Though ankylosing spondylitis can definitely pose challenges when it comes to work, in the past 30+ years living with AS, I’ve managed to remain consistently productive -- mostly due to either intuition, grit, or humility.
Prior to my diagnosis, I was told by physicians that my aches, pain, and limitations were normal. As a child they were tagged as “growing pains," and as a young adult the result of “overdoing it.” I call these my intuition years. For me, that meant a lot of physical exercise, stretches, and "crashing" (with sleep) at odd times. I noticed that I was never fast or limber at the start of an activity, so endurance exercise is what I gravitated to. In high school it was cross country, long-distance swim team, and light weightlifting. In college and early in my work career, it was rugby and year-round training of running, weights, and teaching high-impact aerobics. I would stretch in bed before going to sleep, then hot showers and more stretching when I woke up in pain at 4 a.m. I’d take a nap in my car during my lunch break; I’d take sleep breaks in my office (even under my desk); and I was notorious for falling asleep on the couch at family get-togethers. I call this early period my “intuition years”: I managed the impact of AS on my career by intuitively gravitating toward helpful lifestyle choices.

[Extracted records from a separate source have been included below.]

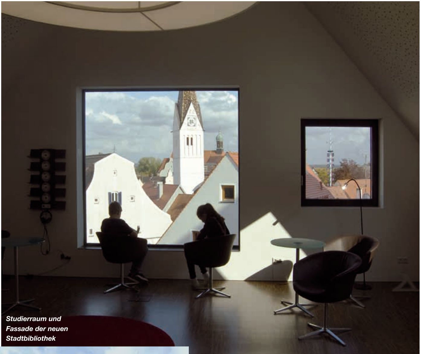
Studierraum und Fassade der neuen Stadtbibliothek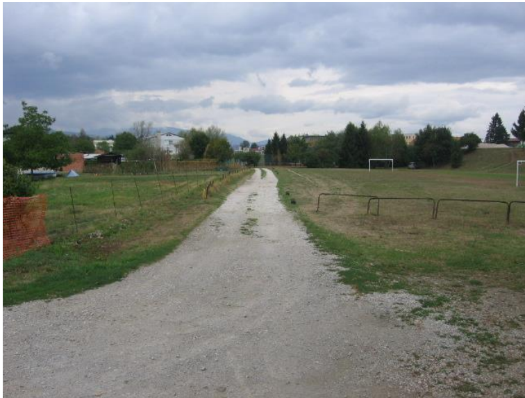
Fotografija št.9: Pešpot mimo športnega igrišča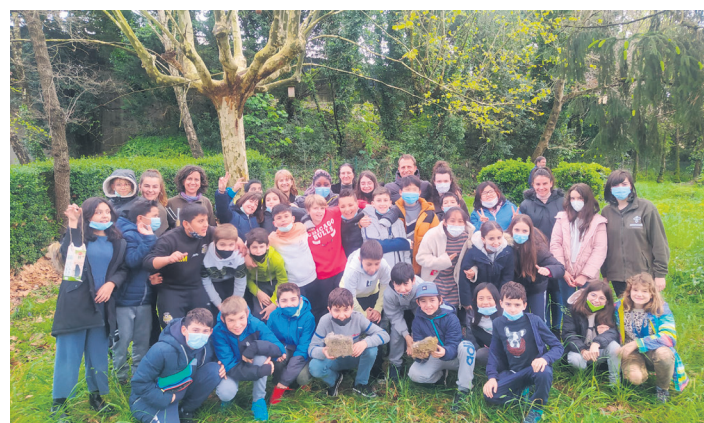
Sasoetako ikasleek ere txorientzako habia kutxak egin dituzte. J.M.AGIRRETXE

After getting a diagnosis, I was pretty clear with my priorities -- I wasn’t going to let AS interfere. I call these my “grit years.” I had a fixed work ethic and career goals. Likewise, I had vison for my personal life -- an image of what it meant to be a good friend, spouse, and parent. When it came to AS, I never saw myself as a “patient,” even when hospitalized. Treatments had one purpose: to empower me to live my unadjusted life. AS never factored into my decisions at work or home. I’d work a 10-hour day and come home and play with the kids, coach their sports, and take them camping and on trips. AS would predictably grab my attention when I pushed past its limits. These are the years that I was chronically anemic, and I picked up ulcerative colitis, iritis, and intense hip and sciatica pain. If we were going to Disneyland, I’d get up early and pack everyone up so that we would be there when it opened. More than once I’d end up on a cot in the Disney first aid station on Main Street. This approach came to a head at work when I sacrificed sleep, diet, and exercise routines to take on more and more. My employer took a “grow or die” attitude. We tripled our outcome, workload, and my daily commutes. When I left, they hired three people to fill my job. The “grit” approach helped me accomplish a lot in my career, and my life would be completely different now if I had not pushed through and tried to ignore my AS during that period -- but it was the most difficult approach.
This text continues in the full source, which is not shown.